P.S. From the HN guidelines (https://news.ycombinator.com/newsguidelines.html):
> Please respond to the strongest plausible interpretation of what someone says, not a weaker one that's easier to criticize. Assume good faith... Please don't comment on whether someone read an article.
First you said, "I can't count the number of times I've looked at a data visualization and wished I could sit down with the person who made it and read an Edward Tufte book to them."
I was and am 100% on board with this comment. I think the same thing often.
Then you said "There's just so few good examples out there of data visualizations that respect basic principles of visual communication, like the ones outlined in this article."
I agree, the article does a pretty good job.
Then, "They generally seem to aim more for visual impact (like the useless 3D display in the article, which you've gotta admit is striking) than for clarity, which I guess is understandable but is still too bad."
I was uncertain about this statement. The previous sentence you start by stating "There's just so few good examples..." and end with "...like the ones outline in this article", which made it a little unclear if the one's in the article were good or not, but as I was reading it I was leaning to the good side.
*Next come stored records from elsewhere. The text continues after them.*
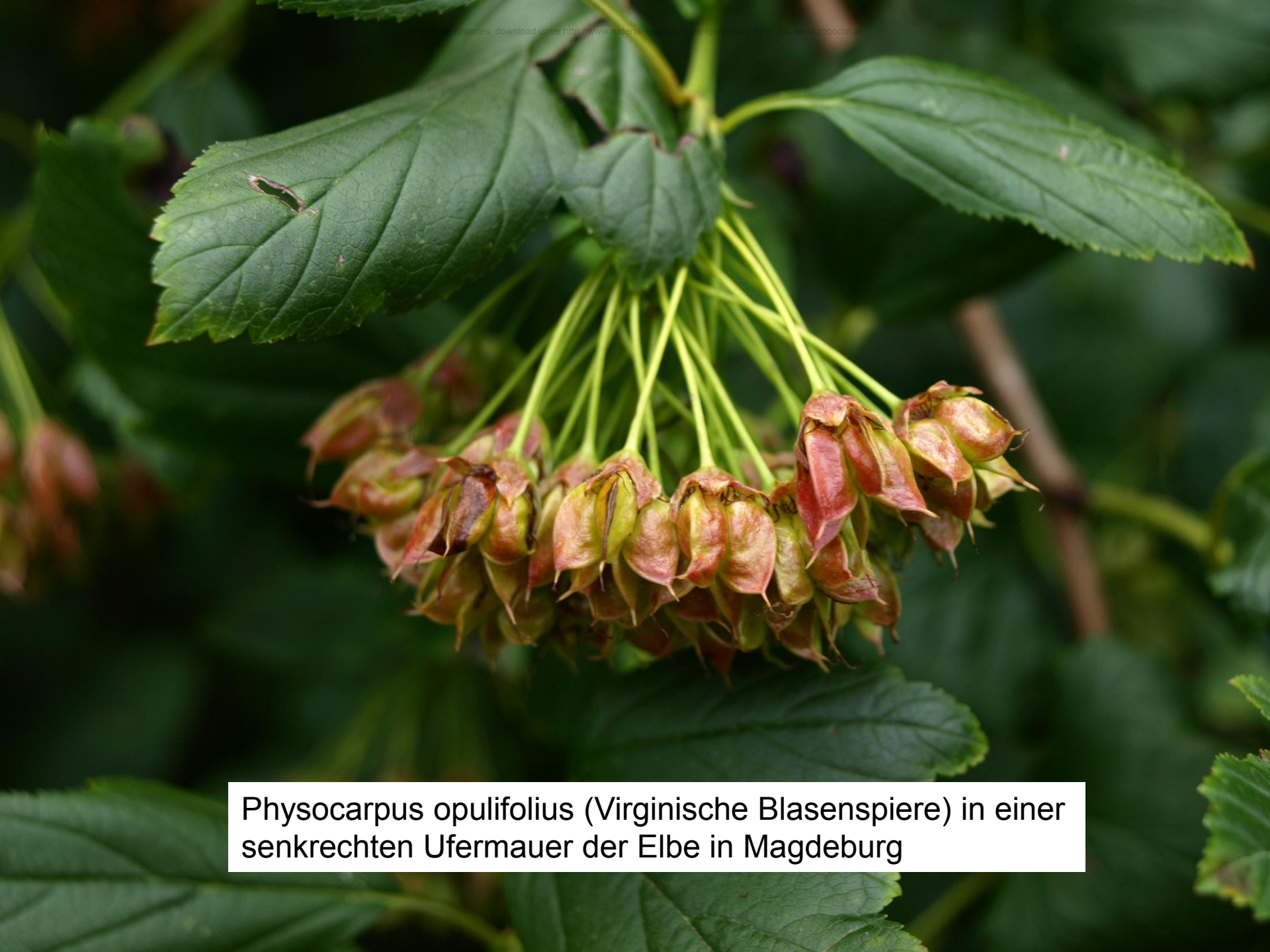
Physocarpus opulifolius (Virginische Blasenspiere) in einer senkrechten Ufermauer der Elbe in Magdeburg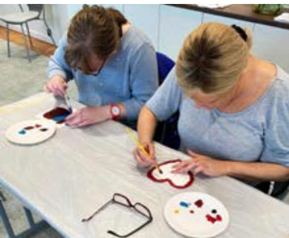
ovan: En helg i september ordnades en träff för synskadade med neuropsykiatriska funktionshinder på Almåsa havshotell. En viktig del av programmet var erfarenhetsutbyte. Man hann också med att göra collage av taktilt material och skulpturer av frigolit och gips.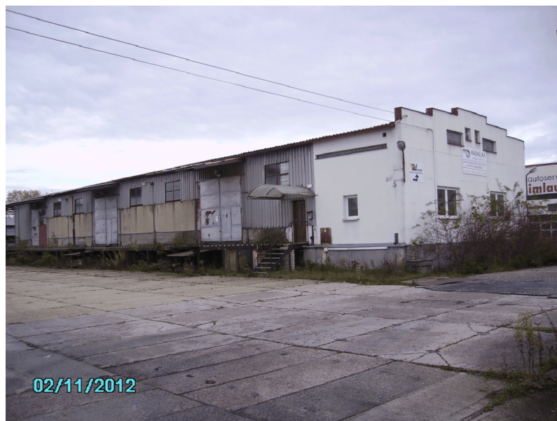
Sklad na p.p.č. 1879 - pohled od vjezdu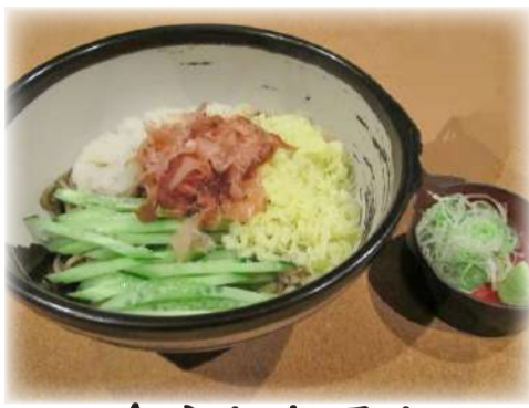
冷やしおろし たぬきそば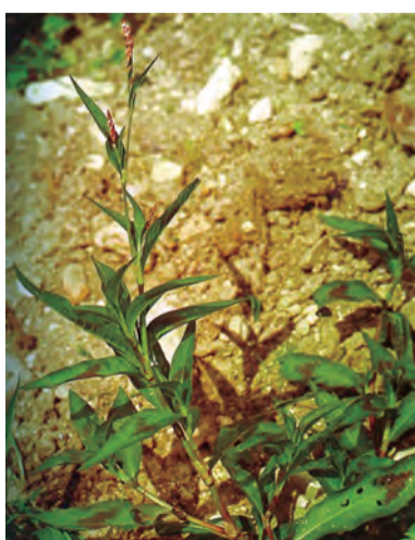
Polygonum persicaria , mastêrk, sinbêleşên (zaza)

Then this sentence started with "They generally seem...", and since the end of the previous sentence ended talking about the "ones outlined in the article", I associated "They" with "the ones in the article". And this sentence that started with "They generally" was negative.
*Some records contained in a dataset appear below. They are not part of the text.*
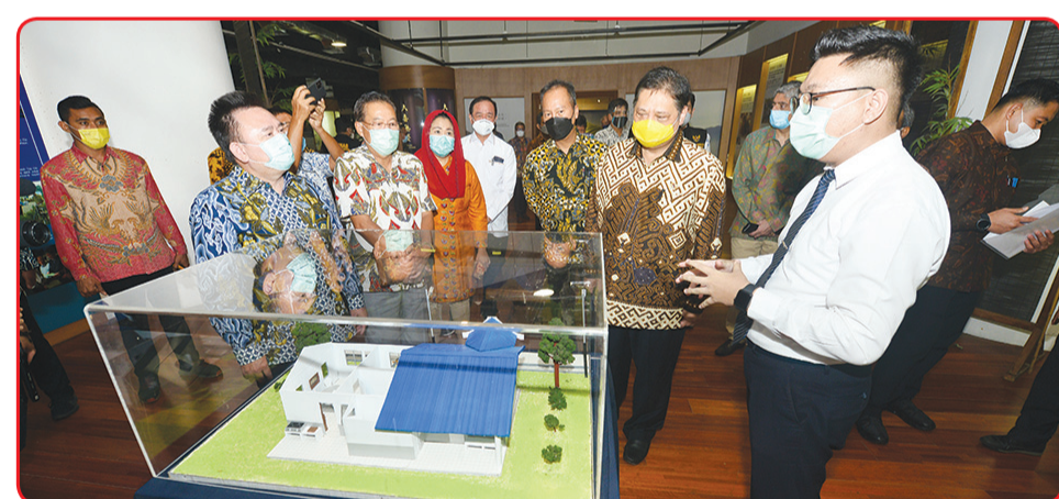
Para menteri dan tamu undangan meninjau Exhibition Hall di Tzu Chi Center untuk mengetahui jejak prestasi Yayasan Tzu Chi di Indonesia.

Bukan hanya bantuan ke luar negeri, di dalam negeri para pengusaha yang tergabung dalam Pengusaha Peduli NKRI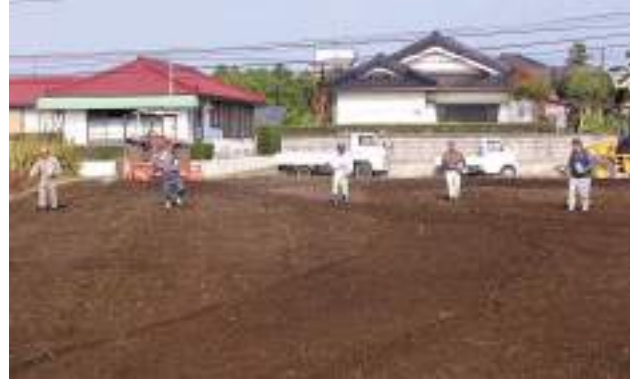
復元された農地への種まき

前号で紹介した遊休農地・耕作放棄地解消に役立つ、マメ科のヘアリーベッチが見事に成長し、雑草を抑制しています。いつでも農地に復元することができます。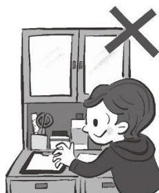
保健室のものは 勝手に触らない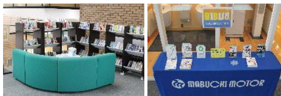
読書コーナーとおすすめ書籍の紹介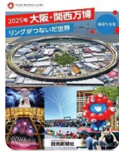
『2025年大阪・関西万博 ～リングがつないだ世界～』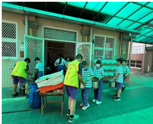
說明：六年乙班環保服務志工協助校園處理午餐剩食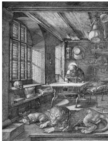
fig.8 デューラー《メレンコリアI》、1514年、 銅版画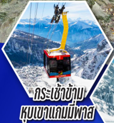
กระเช้าข้าม หุบเขาแคมมีพาส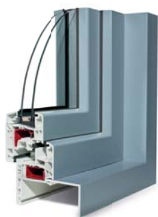
Elegance® Flat Réno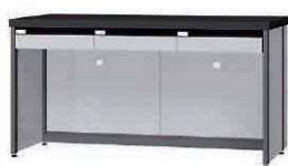
FD P. 86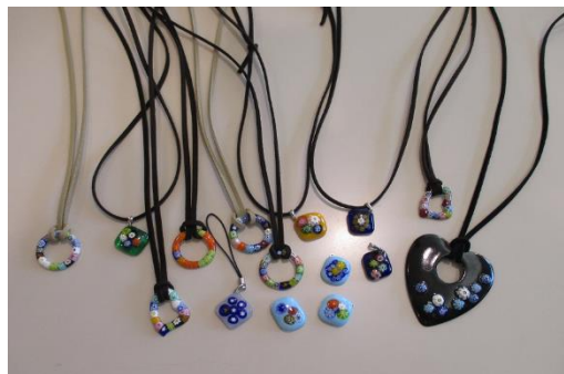
ヴェネチアガラスフュージング

Then I contributed some miscommunication. When I used "you" in the sentence I was thinking in general terms (including myself) and not you personally. I think that might have been better stated as "If one reads the article...".
Anyway, I was initially confused by your statement. Now I see what you were going for.
Edits: grammar, missing words
Like several others, I was also confused by your initial comment. At first I thought you were criticizing the article as an example of bad graphics and useless 3D.
I am no master of communication, but there is one thing that stuck in my mind from a class I took many years ago: If I am talking to someone or writing something they read, and they seem to be misinterpreting or misunderstanding me, who is responsible for that? Is it the reader or listener, or is it me?
The lesson was that I, the person doing the communicating, am responsible, not the person receiving the communication. It's usually not helpful to blame them for misunderstanding. Instead I should realize that I was probably unclear in some way, and do what I can to clear it up.
Of course there are exceptions. Sometimes people are willfully misunderstanding and don't give you a chance to clarify. I remember one friend who delighted in pouncing on me if we were casually brainstorming and I said something that wasn't exactly what I really meant. When I would correct myself they would say "Oh no, you already said XYZ and you can't take it back now!"
But I think those cases are unusual, and I've found it very helpful to avoid blaming the listener and just see how I can be more clear.
This point was clear in your top comment.
> I was praising the article for illustrating good principles of visual communication...
This point was completely unclear in your top comment.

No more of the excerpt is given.